# Using hyperopt-sklearn with `Bench`


[hyperopt-sklearn](https://github.com/hyperopt/hyperopt-sklearn) is a popular library for tuning many "classical" ML models. The convenience this library brings is that it has predefined hyperparameter grids that are automatically tuned when one calls `fit`.

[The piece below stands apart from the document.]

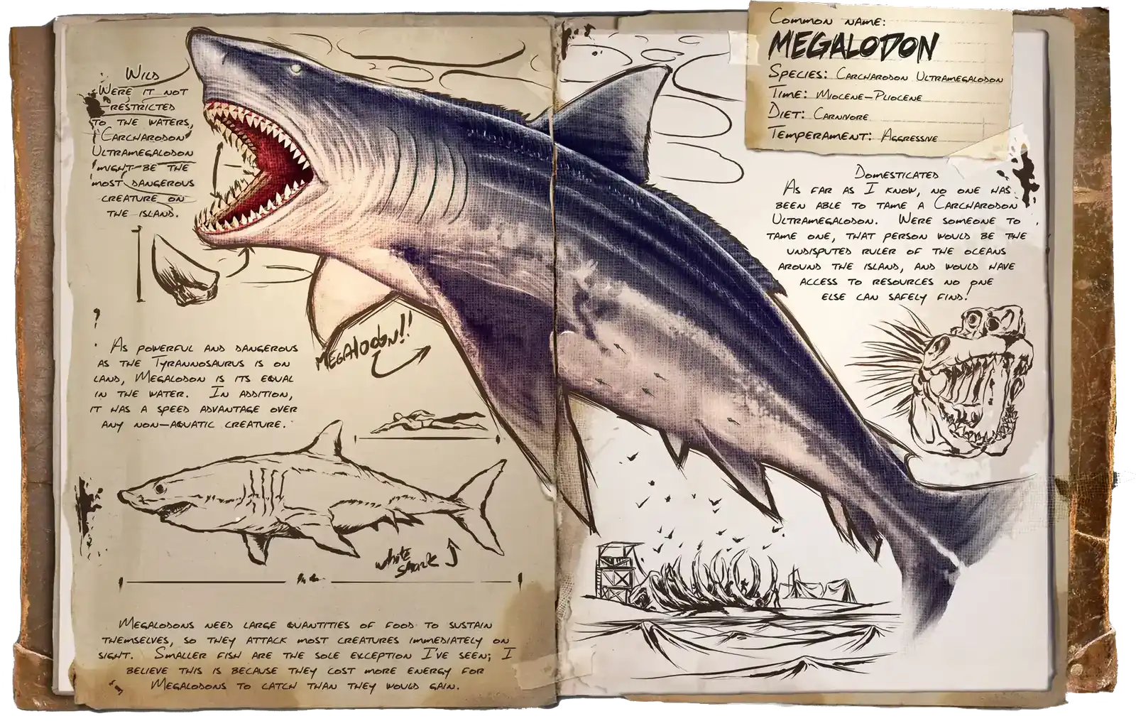 Megalodon is a ARK: Survival Ascended creature that lives on the maps Astraeos, The Center, Svartalfheim, Amissa, Temptress Lagoon, Valguero, Ragnarok, Crystal Isles, Lost Island, Fjordur, Genesis and Genesis 2.This creature eats Superior Kibble , Raw Mutton, Raw Prime Meat, Cooked Lamb Chop, Cooked Prime Meat, Raw Prime Fish Meat, Raw Meat, Cooked Prime Fish Meat, Cooked Meat and Cooked Fish Meat.When killed, it drops the following resources: Raw Fish Meat and Raw Prime Fish Meat.

One difficulty is that it currently does not have a convenient interface for providing custom validation sets (see [this issue](https://github.com/hyperopt/hyperopt-sklearn/issues/152)). We will use this as one other example for how to implement a model for benchmarking with `mofdscribe`.


In [1]:
from mofdscribe.bench import LogkHCO2IDBench
from mofdscribe.datasets.core_dataset import CoREDataset
from hpsklearn import (
    HyperoptEstimator,
    gaussian_process_regressor,
    lightgbm_regression,
    power_transformer,
    standard_scaler,
    xgboost_regression,
)

from mofdscribe.splitters import HashSplitter
import numpy as np
from copy import deepcopy


In [2]:
ds = CoREDataset()

FEATURES = list(ds.available_features)

TARGET = "outputs.logKH_CO2"


2022-08-07 16:25:09.726 | DEBUG    | mofdscribe.datasets.core_dataset:__init__:127 - Dropped 3227 duplicate basenames. New length 2166
2022-08-07 16:25:09.762 | DEBUG    | mofdscribe.datasets.core_dataset:__init__:133 - Dropped 62 duplicate graphs. New length 2104


In [7]:
class TunedXBoost:
    def __init__(self, features):
        self.model = HyperoptEstimator(regressor=xgboost_regression("mymodel"))
        self.features = features

    def tune(self, idx, y):
        tune_splitter = HashSplitter(self.ds.get_subset(idx))
        # we will now use a simple split in two parts,
        # however, you could also use a k-fold in the tune method
        models = []
        for train_idx_, valid_idx_ in tune_splitter.k_fold(5):
            train_idx = idx[train_idx_]
            valid_idx = idx[valid_idx_]

            train_x, train_y = self.ds._df.iloc[train_idx][self.features], y[train_idx_]
            valid_x, valid_y = self.ds._df.iloc[valid_idx][self.features], y[valid_idx_]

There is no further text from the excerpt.